In january, answer : "
“the GPS to video lag is an issue we are aware of and are working on. There is no config change you can currently make to fix it. The only fix at the moment is installing the BlackVue consumer firmware, not the Mapillary firmware”


Interesting. That kind of suggests the mp4 start date/time header has a 2 second error when the Mapillary firmware is used, but ONLY when server side processed. I can see some code/processing workaround might work if the error was constant.

Which of your methods produces the correct result? Based on the map it seems that “locally” is the closest.

Are you using the standard 5 frames per second config? I am running 2.

yes, it’s “locally”.
this is what i used (so i suppose it’s 5 frame per second).
mapillary_tools video_process --import_path “import_path” --video_import_path “import_path” --user_name “numetlib” --advanced --geotag_source “blackvue_videos” --geotag_source_path ““import_path”” --use_gps_start_time --interpolate_directions --video_sample_interval 0.2 --device_make “Blackvue” --device_model “DR900S-2CH” --overwrite_EXIF_gps_tag

then i upload by

next try will be video_process and upload in the same command line

Do you think 2 frame per second give a better precision ?

If you are using the Mapillary firmware it is already running at 5 frames per second. The configuration can be changed to a lower rate though. I chose 2 frames per second because most of my capture is on long country roads and Internet access in Australia is relatively expensive.

5 frames per second gives more useful images in an urban area.

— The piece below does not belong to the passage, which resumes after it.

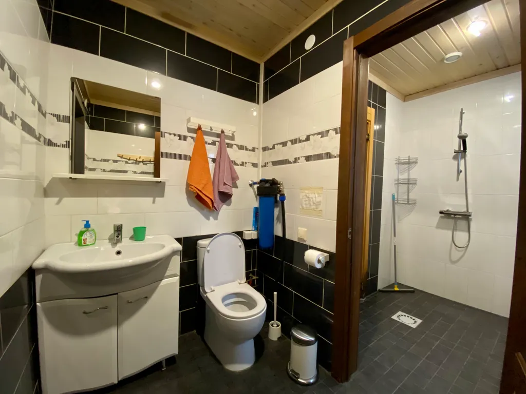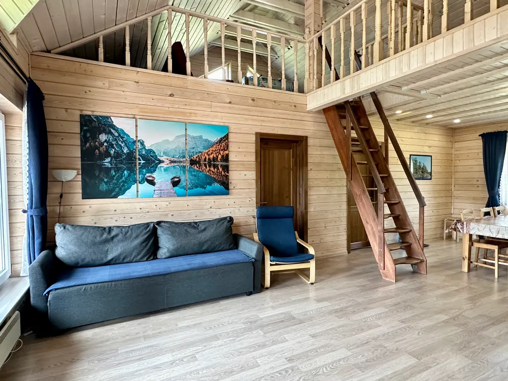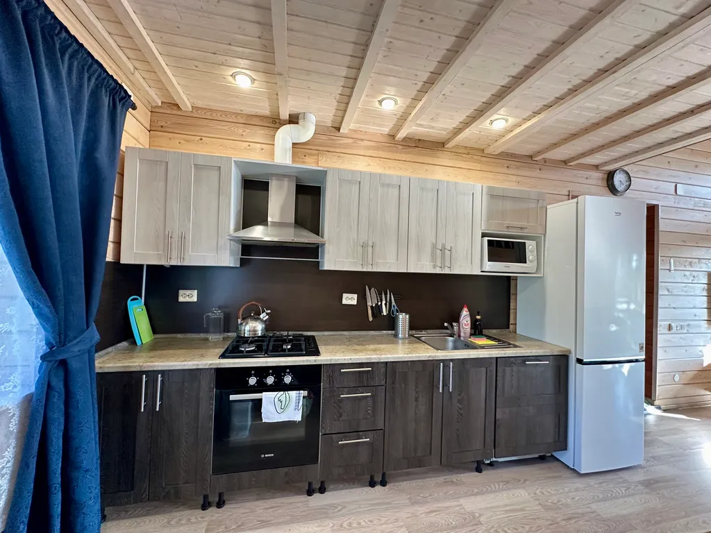Коттедж тёплый, во всех комнатах радиаторы, в санузлах и зоне гостиной тёплые полы.

The geotag accuracy should not be any different as each frame has its date/time calculated and then compared to the gps/gpx data. The position is interpolated by the tools as needed from adjacent gps data points.

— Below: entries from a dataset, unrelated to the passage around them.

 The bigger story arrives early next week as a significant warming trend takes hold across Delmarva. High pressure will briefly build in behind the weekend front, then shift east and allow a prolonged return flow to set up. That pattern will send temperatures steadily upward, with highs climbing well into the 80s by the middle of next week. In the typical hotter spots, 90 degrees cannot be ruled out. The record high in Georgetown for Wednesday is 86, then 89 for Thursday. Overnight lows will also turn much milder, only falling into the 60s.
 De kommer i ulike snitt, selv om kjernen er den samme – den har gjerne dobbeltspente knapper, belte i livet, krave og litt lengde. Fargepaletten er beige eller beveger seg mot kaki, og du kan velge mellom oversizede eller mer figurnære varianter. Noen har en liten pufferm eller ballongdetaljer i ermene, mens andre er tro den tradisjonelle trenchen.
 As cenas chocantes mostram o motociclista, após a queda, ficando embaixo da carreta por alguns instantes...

Your video process command line is the same as mine except for --overwrite_EXIF_gps_tag --duplicate_distance 1.0 --video_sample_interval 0.5. I have however modified the tools slightly to get better image quality.

I suspect that an upload from the command line will yield the same results as via the app. At that stage all the geo data has been written to the image EXIF so the server wont alter it.

Also be aware that the BlackVue gps fix can be a little slow with inaccuracies even with the blue led on. I sometimes see 5 second errors against another unit in the first captures of the day. Easiest way to check that is to compare the gpx data output from the Blackview processing against another navigation unit.